5 Steps to Success
Let Machine Learning Simplify Your Journey Toward Micro–segmentation
Working from home has fueled a new streak of attacks on datacenters as exemplified here and here. Initial breaches often involve VPN, RDP or web servers and provide entry points for subsequent lateral movement penetrating deeper into IT infrastructure. It has been proven time and time again that even the most formidable perimeter defenses are going to succumb to ever more sophisticated adversaries with seemingly unlimited time and resources.
An exciting trend I have observed is that an increasing number of IT leaders understand the need to supplement their perimeter defenses with additional security controls that are capable of containing breaches from within. The widely discussed method of micro–segmentation has been proven effective in reducing attack surfaces drastically by allowing only required connections. This hampers the ability for attackers and their automated tools to run reconnaissance and subsequently spread laterally. But two misconceptions keep hindering adoption of products introducing micro–segmentation:
- It is thought to require a long process to operationalize
- It is perceived as complex to manage
Both lead to the assumption that micro–segmentation is hard, which can be true depending on the technology behind the product. Imagine a solution requiring IT teams to place agents on each asset just to subsequently require the same assets to be classified manually. Given those conundrums, sometimes enterprises choose to live with the risk of being the next victim. To resolve this paradox, it required a mix of capable engineering hearts, machine learning and a slick GUI workflow. I am happy to herewith introduce the ShieldX methodology with which micro–segmentation will turn into a breeze.
Step 1: Discover connections – your decision what infrastructure needs to be discovered prompts ShieldX to automatically ingest pre-recorded flow logs or rolling out traffic TAPs. Passive visibility provides connectivity information as well as potential risks. The ShieldX Policy Generation ML engine uses that data to visualize discovered business applications, common services, and their interactions. It continuously adapts to changes and proposes which assets belong to which application tier based on behavior. Observed connections turn into proposed ACL allow rules supplemented by comprehensive layer 7 security controls. Thanks to automation, all that is happening in minutes without the need to touch or classify assets.
Step 2: Implement applications – In this step, the proposed business applications from step 1 are turned into implemented applications. This means someone from the security or application team reviews an application proposal and with a single click approves it. All applications can be implemented with a single click at once or the team can decide to review one-by-one. The system offers an intuitive workflow that generates groups and ACLs that would otherwise have to be inquired from application owners. Even though this step creates actual policy, traffic is not (yet) enforced.

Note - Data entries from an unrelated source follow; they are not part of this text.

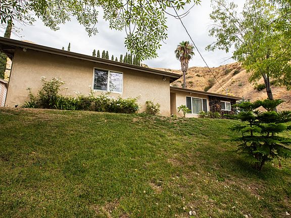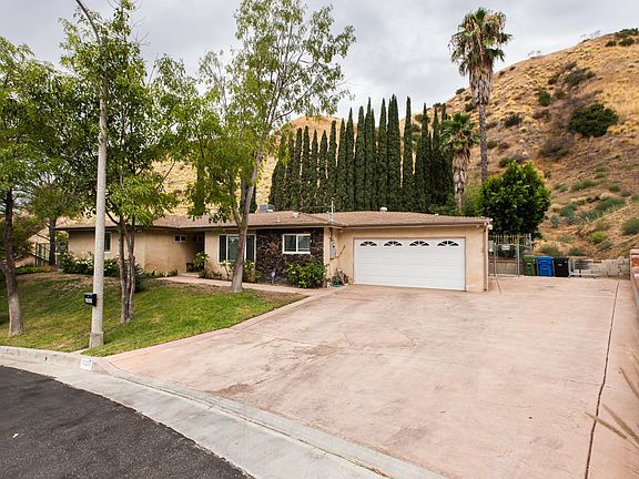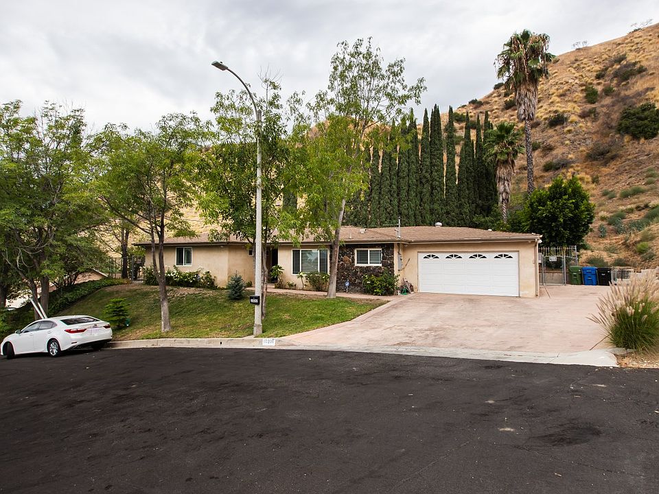 At the end of a peaceful cul-de-sac in Sun Valley is this lovely 3-bedrooms, 2-bathrooms, 1,571-SqFt home with attached garage could become yours! With a neat walkway leading you to a modern glass-inlay front door, welcome inside to a bright living room and adjoining dining room featuring recessed lights, crown molding, a decorative stone accent wall with fireplace, warm tone floors, and sliding door access to the spacious backyard. Venture into the luminous kitchen where granite counters, ample cabinetry, built-in stainless-steel appliances, and kitchen island/breakfast bar with a statement granite countertop and built-in wine rack enhances your culinary experience. The wonderful primary bedroom includes a walk-in closet, windows edge seating area with storage, and an en-suite split bath offering a separate sink and vanity space enhanced with granite counters. The secondary bedrooms have interior window shutters while one has a built-in closet space. Plus, the main bathroom is sleek with modern plumbing fixtures, glass tile accent backsplash, and tiled shower/tub. Journey to the backyard to discover the lovely neighboring hills, open patio space with firepit, grassy areas, and even a BBQ kitchen complete with stunning awning having two ceiling fans, recessed lights, and stylize wood ceiling. This backyard is a perfect outdoor entertainment space for any event! Only a short drive away from local markets, shops, dining, schools, and more!
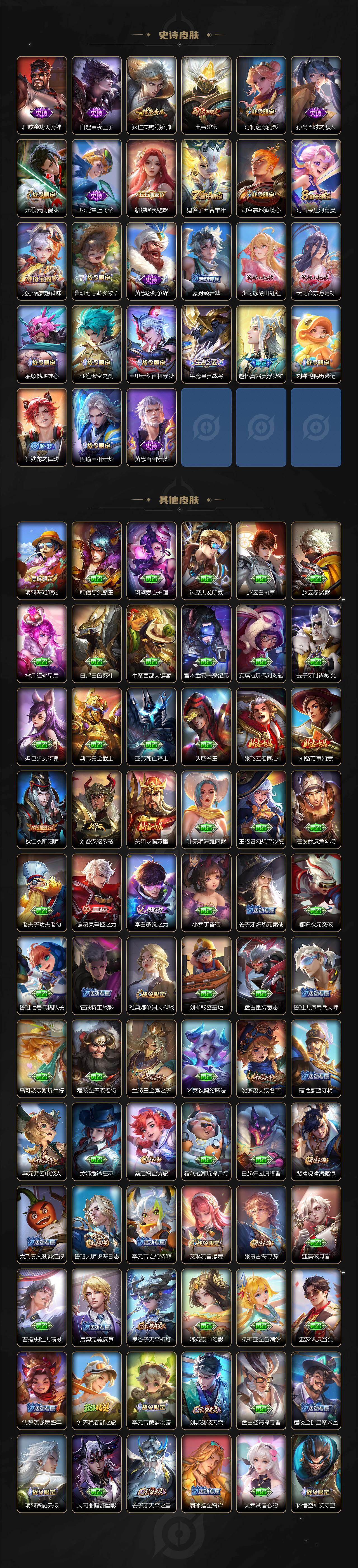 【史诗皮肤】:赵云皇家上将,赵云未来纪元,甄姬冰雪圆舞曲,王昭君偶像歌手,狄仁杰魔术师,宫本武藏鬼剑武藏,孙尚香水果甜心,嬴政优雅恋人,妲己魅力维加斯,妲己女仆咖啡,墨子金属风暴,曹操幽灵船长,吕布末日机甲,刘邦德古拉伯爵,夏侯惇乘风破浪,兰陵王暗隐猎兽者,亚瑟心灵战警,安琪拉心灵骇客,程咬金功夫厨神,白起星夜王子,狄仁杰鹰眼统帅,典韦岱宗,阿轲迷踪丽影,孙尚香时之恋人,元歌云间偶戏,哪吒雪上飞焰,貂蝉唤灵魅影,鬼谷子五谷丰年,司空震地狱燃心,阿古朵江河有灵,姬小满妄想食味,鲁班七号蔬乡物语,黄忠怒海争锋,蒙犽顽岩魄,少司缘涂山红红,大司命东方月初,廉颇撼地雄心,亚连破空之剑,百里守约百相守梦,牛魔星界战将,赵怀真器灵浮梦炉,刘禅鸭鸭历险记,狂铁龙之律动,周瑜百相守梦,黄忠百相守梦
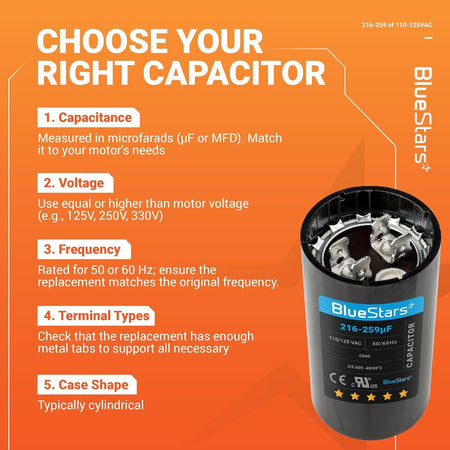 - Commonly used in HVAC units, air conditioners, compressors, and water pumps requiring a capacitor with matching specifications.
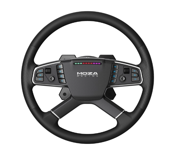 <h2>Kierownica ciężarowa Moza Racing TSW RS060</h2><p>MOZA Racing TSW RS060 to sprzęt, który przenosi realizm jazdy ciężarówką na zupełnie nowy poziom. Zaprojektowana specjalnie do symulacji pojazdów ciężkich, kierownica oferuje pełnowymiarową obręcz o średnicy 400 mm, inspirowaną prawdziwymi modelami z kabin ciężarówek. Klasyczna, czteroramienna konstrukcja z chromowanymi akcentami i nowoczesnymi detalami łączy estetykę z funkcjonalnością, zapewniając autentyczne wrażenia z jazdy.</p> <h2>Skóra, aluminium i trwałość na lata</h2><p>Z zewnątrz – ręcznie obszywana perforowana mikrofibra, która nie tylko świetnie wygląda, ale zapewnia też wygodny, pewny chwyt niezależnie od długości jazdy. W środku – sztywna konstrukcja z aluminium klasy lotniczej o grubości 4 mm, wzmocniona stalowymi elementami o grubości do 6 mm. To połączenie nie zostawia miejsca na kompromisy. Kierownica MOZA TSW RS060 została stworzona, by wytrzymać tysiące kilometrów wirtualnych tras i miliony manewrów – i potwierdziła to w testach obciążeniowych. Nawet przy maksymalnych siłach sprzężenia zwrotnego zachowuje pełną stabilność i nie traci na precyzji.</p> <h2>Dostosuj do swojego stylu jazdy</h2><p>Kierownica TSW RS060 została wyposażona w 14 mechanicznych przycisków z pełnym podświetleniem RGB (efekty świetlne oparte na trzech kolorach: czerwonym, zielonym i niebieskim) – możesz wybierać spośród 16,7 miliona kolorów i dopasować każdy z nich do własnych preferencji. Dzięki gotowym ikonom przypisanym do funkcji z symulatorów ciężarówek sterowanie staje się naturalne i intuicyjne. Dodatkowe 10 diod LED (Light Emitting Diode, dioda elektroluminescencyjna) informuje o obrotach silnika, a wszystkie efekty świetlne i funkcje możesz skonfigurować za pomocą aplikacji MOZA Pit House.</p> <h2>Łatwa instalacja, szeroka kompatybilność</h2><p>System szybkiego montażu wykonany z aluminium lotniczego pozwala w kilka sekund zainstalować kierownicę na dowolnej bazie MOZA. Dzięki bezprzewodowej komunikacji nie musisz martwić się o przewody – wszystko działa stabilnie i bez opóźnień. Kierownica wspiera również montaż na ramie aluminiowej lub biurku, z możliwością regulacji kąta nachylenia i wysokości w zakresie 0–75°. Działa także z bazami firm trzecich – wystarczy zastosować adapter MOZA.</p> <h2>Przemyślane sterowanie i pełna kontrola</h2><p>Na froncie znajdziesz aluminiowe pokrętła i dwa joysticki o ultracienkiej konstrukcji, które mogą pełnić funkcję D-padów (Directional Pad, krzyżak kierunkowy). Ich działanie jest płynne i precyzyjne, co ułatwia sterowanie w złożonych sytuacjach drogowych. Dzięki oprogramowaniu MOZA Pit House możesz ustawić każdy element kierownicy – od kolorów i efektów świetlnych po funkcjonalność łopatek sprzęgła.</p>
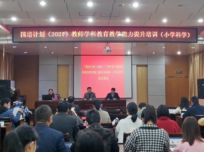 10月22日上午,“国培计划(2021)”青年骨干教师学科公司产品能力提升培训(小学科学)培训班在吉阳宾馆举行结业典礼。为期12天的国培圆满顺利结束。球友会经理王绍明和国培主要负责人欧修龙博士出席结业典礼,班主任龚双梅主持会议。
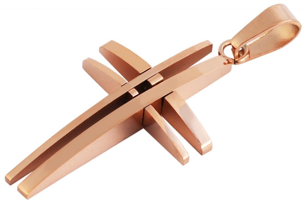 O pingente da marca Akzent em forma de cruz é feito em aço inoxidável. Este material promete uma longa vida útil. A cruz ligeiramente arqueada consiste em duas vigas verticais e horizontais. As dimensões são: comprimento 36 mm, largura 20 mm e espessura 5 mm.
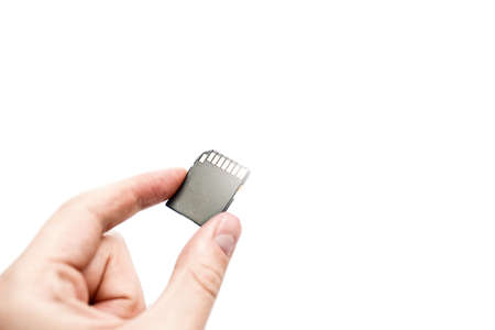 Man hand holds Memory card - Flash card against white background.Concept photo , multimedia, photography,communication, gaming, lifestyle. copy space.
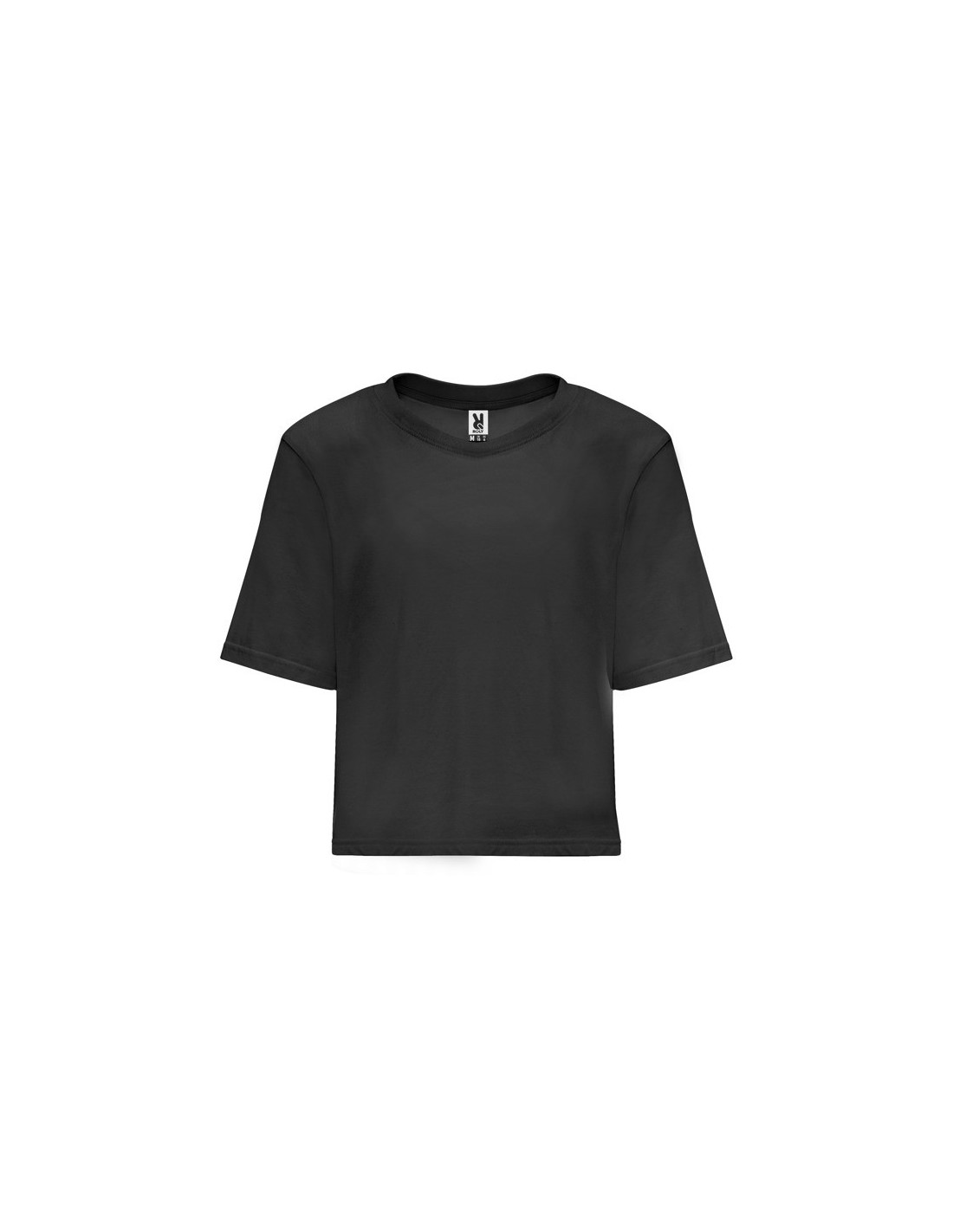 Camiseta de talle corto y holgado para mujer con manga corta. Cuello redondo con ribete ancho en canalé 1x1. Cubrecosturas reforzado a tono.
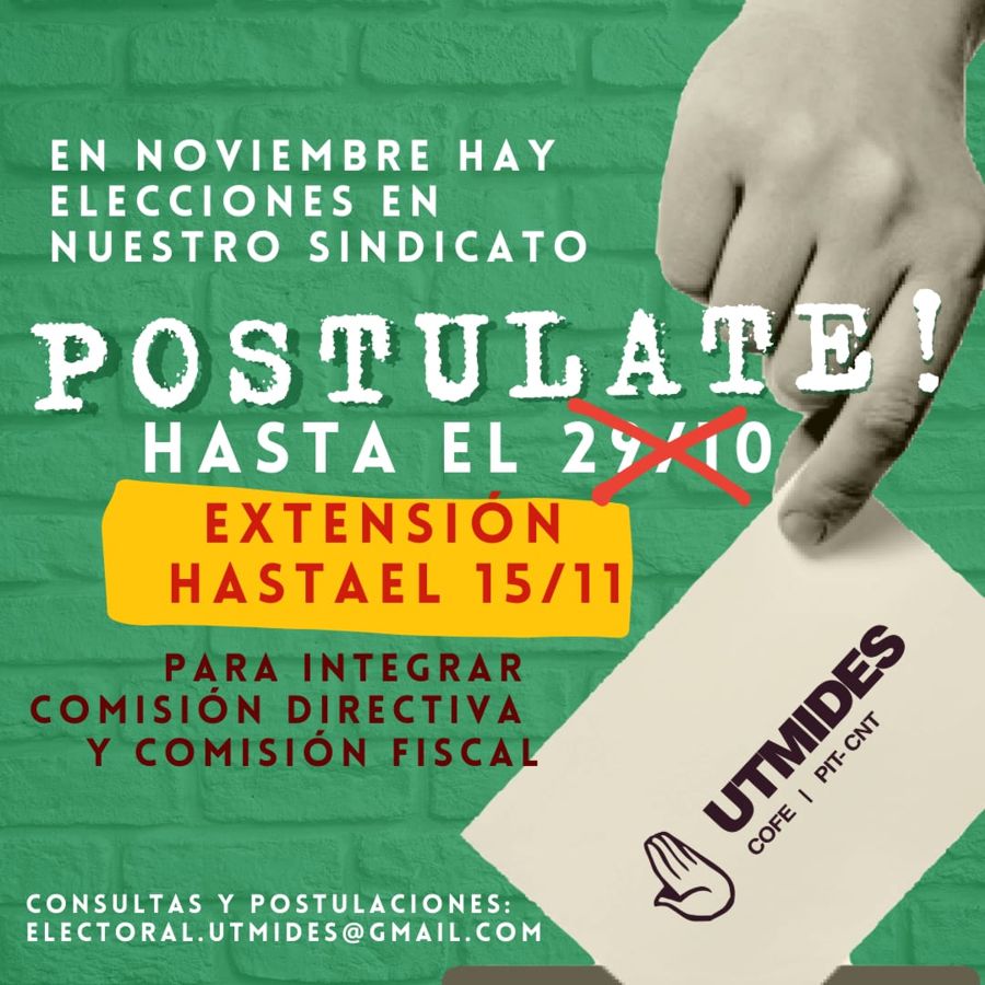 Del 23 al 25 de noviembre inclusive se realizarán las elecciones del sindicato en todo el país para elegir Comisión Directiva y Comisión Fiscal.
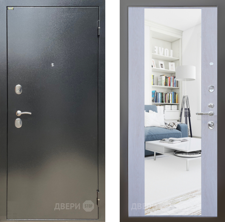 Входная Дверь Шелтер (SHELTER) Стандарт 12 с зеркалом Дуб филадельфия крем 860x2050 мм
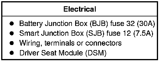 10. If no DTCs related to the concern are retrieved, GO to Symptom Chart. Driver Seat Module (DSM)
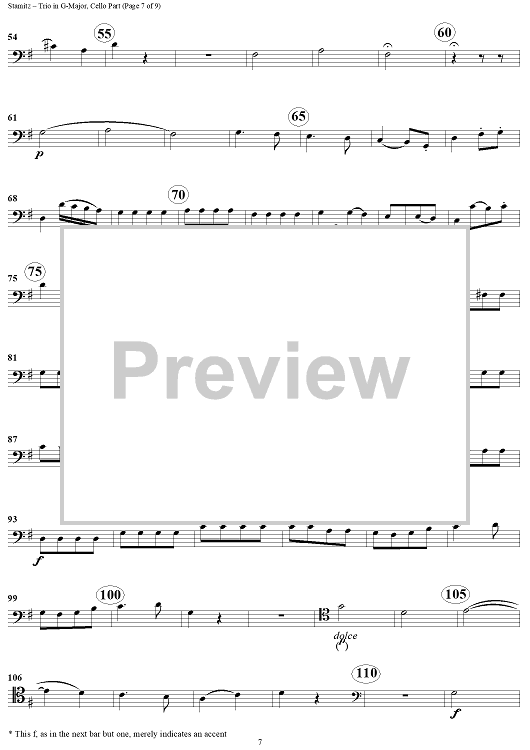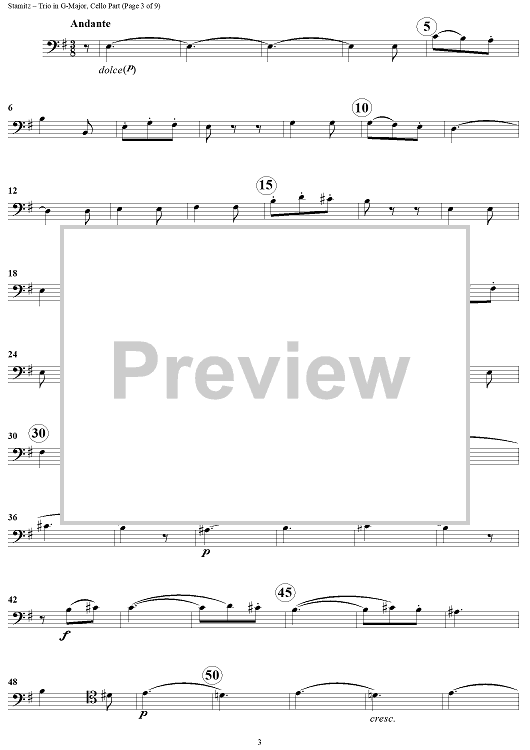 "Trio in G major - Cello" Sheet Music by Carl Stamitz
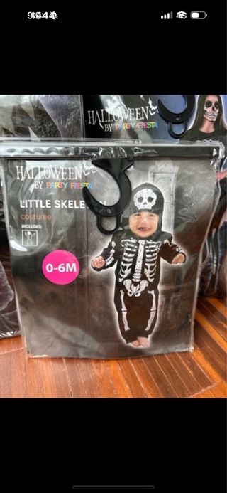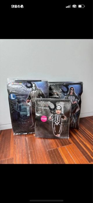 Pack de disfraces familares de esqueleto compuesto por: Disfraz mama mujer Talla L consta de vestido( no incluye las medias) Disfraz papá hombre Talla L consta de túnica con capucha y careta Disfraz bebé niño niña consta de mono con capucha talla 0-6 meses 50-70cm Usados un solo dia con alguna marquitas de uso
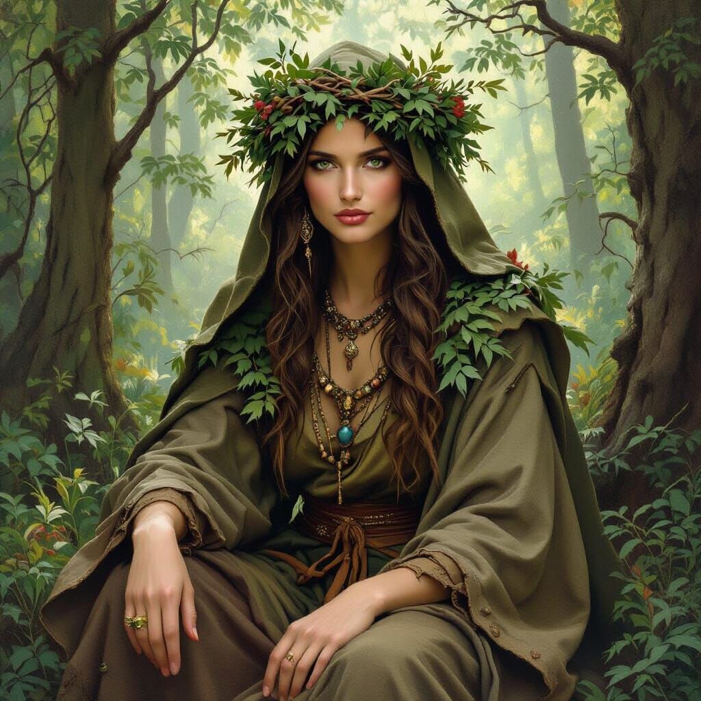 This image shows a forest hag in earthy robes, surrounded by foliage and exuding mystical intensity. The image evokes Pre-Raphaelite romanticism, Russian realism, spiritualism, and folkloric mystique.

Step 3: Forward testing – important for rarely occurring connections is this forward testing step. The system runs a simulation of what would happen in case blocking was enabled. Any deviations from earlier learnt behaviors are recorded as violations and can be dealt with by either allowing or denying them in the future. The system then either adds the violation to the set of allowed ACLs or just remembers to never allow it in the future.
Step 4: Micro–segmentation – application components are put into their own segments with a single click. This allows the single-pass chain of ShieldX microservices to start looking at network traffic and to enable layer 7 security controls. If desired, users can start blocking malware, malicious or certain classes of URLs, exploit attempts and more. ACLs are still set to allow all traffic.
Step 5: Enforcement – with this final click to enable enforcement, the default ACL rule is switched from allow to deny. All communication is being locked down to an effective, tested, zero trust policy and any connections not explicitly allowed will be blocked.
With this methodology, the amount of effort spent on operationalizing micro–segmentation is minimal. The learning time in steps 1 and 3 can be tailored to the customer environments and can run autonomously. Step 2 can be a single click or a comprehensive review. Even if the review option is chosen, the system provides information that would otherwise take months to discover manually. Steps 4 and 5 are single clicks as well and thus the whole sequence requires only minimal time, while the system can stay in learning mode for days, weeks or months, fully unattended. Important to note is that the steps can be repeated. This allows for selective micro–segmentation of the most critical assets and avoiding over–segmentation. And did I mention that applications can span multiple clouds without demanding changes to the applications?